> **Dataset extract**
⟨
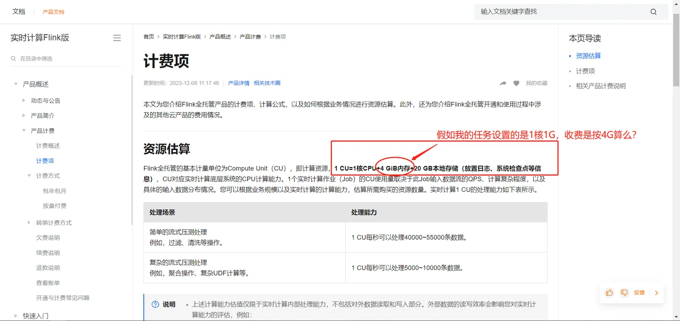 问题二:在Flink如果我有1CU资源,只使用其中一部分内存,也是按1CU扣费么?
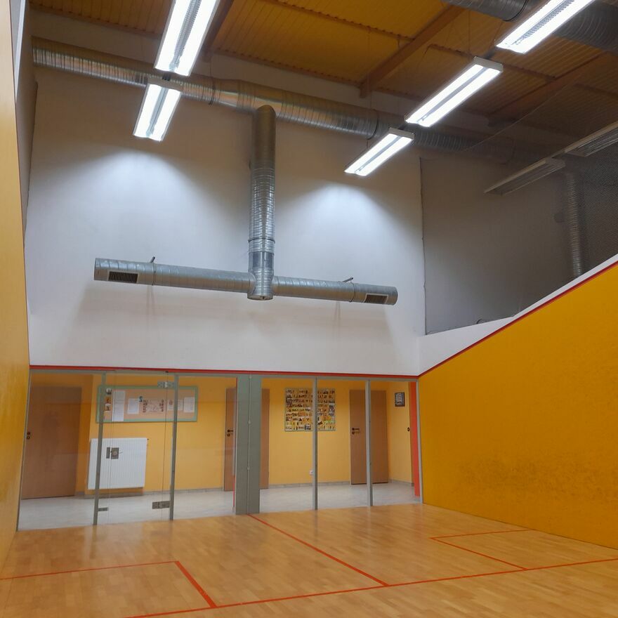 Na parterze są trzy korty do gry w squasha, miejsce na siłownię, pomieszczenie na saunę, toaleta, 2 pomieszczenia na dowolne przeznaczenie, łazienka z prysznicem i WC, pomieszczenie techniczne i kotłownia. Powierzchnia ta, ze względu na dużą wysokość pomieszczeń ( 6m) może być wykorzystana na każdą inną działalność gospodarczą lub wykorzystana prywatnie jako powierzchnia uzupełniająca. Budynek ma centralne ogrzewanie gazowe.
⟩
⟨
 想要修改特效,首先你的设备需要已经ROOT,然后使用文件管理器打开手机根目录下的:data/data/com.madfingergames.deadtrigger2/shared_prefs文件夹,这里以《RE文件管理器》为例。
⟩
> **Task**
Using the data above, output the line that has "问题二:在Flink如果我有", the line that has "Na parterze są", and whatever lines fall between, each exactly as it stands and without pictures.

> **Reply**
 问题二:在Flink如果我有1CU资源,只使用其中一部分内存,也是按1CU扣费么?
 Na parterze są trzy korty do gry w squasha, miejsce na siłownię, pomieszczenie na saunę, toaleta, 2 pomieszczenia na dowolne przeznaczenie, łazienka z prysznicem i WC, pomieszczenie techniczne i kotłownia. Powierzchnia ta, ze względu na dużą wysokość pomieszczeń ( 6m) może być wykorzystana na każdą inną działalność gospodarczą lub wykorzystana prywatnie jako powierzchnia uzupełniająca. Budynek ma centralne ogrzewanie gazowe.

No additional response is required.